CORTE DEI CONTI: SPESE LEGALI PER LA DIFESA
Ancora sul credito d'imposta relativo agli utili di società di gestione di servizi pubblici
CORTE DEI CONTI, SEZIONE GIURISDIZIONALE REGIONE LOMBARDIA – Sentenza 8
giugno 2002 n
CORTE DEI CONTI,
SEZIONE GIURISDIZIONALE REGIONE LOMBARDIA – Sentenza 8 giugno 2002 n. 1255 – Pres. ed Est.

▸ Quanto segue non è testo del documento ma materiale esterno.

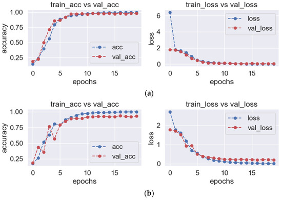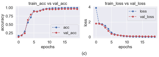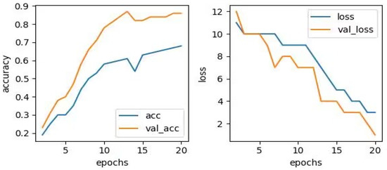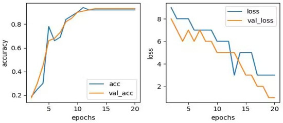 The image input size was 224 × 224. This is because the convolutional layer and pooling layer structures in the VGG16 model were designed for image sizes of 224 × 224. The batch size was set to 128. This can make the calculation amount of each batch moderate, fully utilize the parallel computing power of the GPU, and avoid the problem of insufficient graphics memory. At the same time, larger batch sizes can also lead to a smaller update range, so it was possible to reduce the vibration of the model in the training process, thus improving the rate of convergence and stability of the model. The epoch was set to 20. It can enable the model to obtain sufficient learning and optimization during the training process, without causing overfitting or excessive training time issues. The validation split was set to 0.2. A portion of the data in the training set can be used as a validation set for evaluation in order to better evaluate the model’s generalization ability. Using this method can avoid the impact of model differences caused by random initialization and other reasons, and can also avoid overfitting problems when evaluating the use of test sets. The initial learning rate was set to 0.1, making the model converge quickly, and then the learning rate was gradually reduced to improve the model performance. Weight decay was set to 0.0001. This controls the strength of the regularization term to help avoid overfitting. The dropout rate set to 0.3. This randomly inactivated some neurons in the network, which helped prevent overfitting.

Giampaolino – P.G. c. Formentini ed altro (avv.ti Rusconi ed Antonelli).
FATTO
Con atto del 22 maggio
2001 la Procura Generale presso questa Corte ha convenuto in giudizio i Sigg.ri
Formentini Marco e Maggi Adriano chiedendo che gli stessi fossero condannati al
pagamento, in favore del Comune di Milano, della somma di L.56.668.000,
ripartita nella misura di due terzi per il Formentini e di un terzo per il
Maggi, oltre a rivalutazione monetaria, interessi e spese di giudizio.
Nel suo atto di citazione
la Procura regionale esponeva che, con atto del 22.8.1996, trasmesso ad essa
Procura, il sindacato di base per il coordinamento della polizia municipale di
Milano aveva segnalato la vicenda relativa a due distinti incarichi di
consulenza, commissionati dal Comune di Milano e finalizzati alla
riorganizzazione del funzionamento del corpo di polizia municipale di Milano,
mentre, con nota del 17.2.1999 erano stati successivamente trasmessi gli atti
sottoscritti dal Comune di Milano con la Soc. "T.c. Team consulting
Ag." e con il Generale Nardone.
Riteneva in proposito la
procura regionale che dall’esame degli atti trasmessi si evidenziava che la
seconda consulenza, quella stipulata con il Generale Nardone, appariva
meramente riepilogativa della prima e comunque non conforme ai principi di
buona e corretta amministrazione.
Esponeva, infatti, la
Procura regionale che, con delibera 5039/95 della Giunta comunale, era stato
conferito un incarico di studio alla società innanzi nominata per
l’elaborazione di un piano di intervento volto a riorganizzare ed ottimizzare
il funzionamento del corpo della polizia comunale di Milano.
Il relativo disciplinare
di incarico prevedeva un programma da realizzarsi in due fasi, la prima,
riguardante la raccolta dei dati ed informazioni relative alle mansioni
assegnate al corpo; alle risorse umane; alla struttura organizzativa; ai
livelli di comunicazione e al rapporto con le altre forze dell’ordine; la
seconda, relativa alla identificazione di eventuali carenze nel funzionamento
del corpo e all’elaborazione di un piano di intervento con la compilazione del
rapporto finale.
Successivamente, però, a
seguito di una relazione del comandante del corpo di polizia municipale, era
stato conferito dal Sindaco un incarico professionale al Generale Francesco
Nardone, il quale prevedeva – sul presupposto che il Sindaco avesse la
necessità di meglio approfondire le tematiche riguardanti gli interventi
organizzativi da realizzare nonché di inserire all’interno del corpo di polizia
un proprio referente diretto – che il Generale fosse interlocutore diretto del
Sindaco per l’individuazione delle più idonee modalità attuative dei progetti
organizzativi già predisposti e in itinere; la formulazione e l’attuazione di
proposte volte a migliorare l’efficacia e l’efficienza del corpo di polizia
municipale e la sua immagine; la verifica dei risultati conseguiti nel breve
periodo con predisposizione di relazioni in merito ai risultati conseguiti.
Orbene, riteneva la
Procura regionale, che, dalla descrizione dell’oggetto delle consulenze, si
evinceva chiaramente come il secondo incarico fosse sostanzialmente una
duplicazione del primo e, in quanto tale, non conforme a legge.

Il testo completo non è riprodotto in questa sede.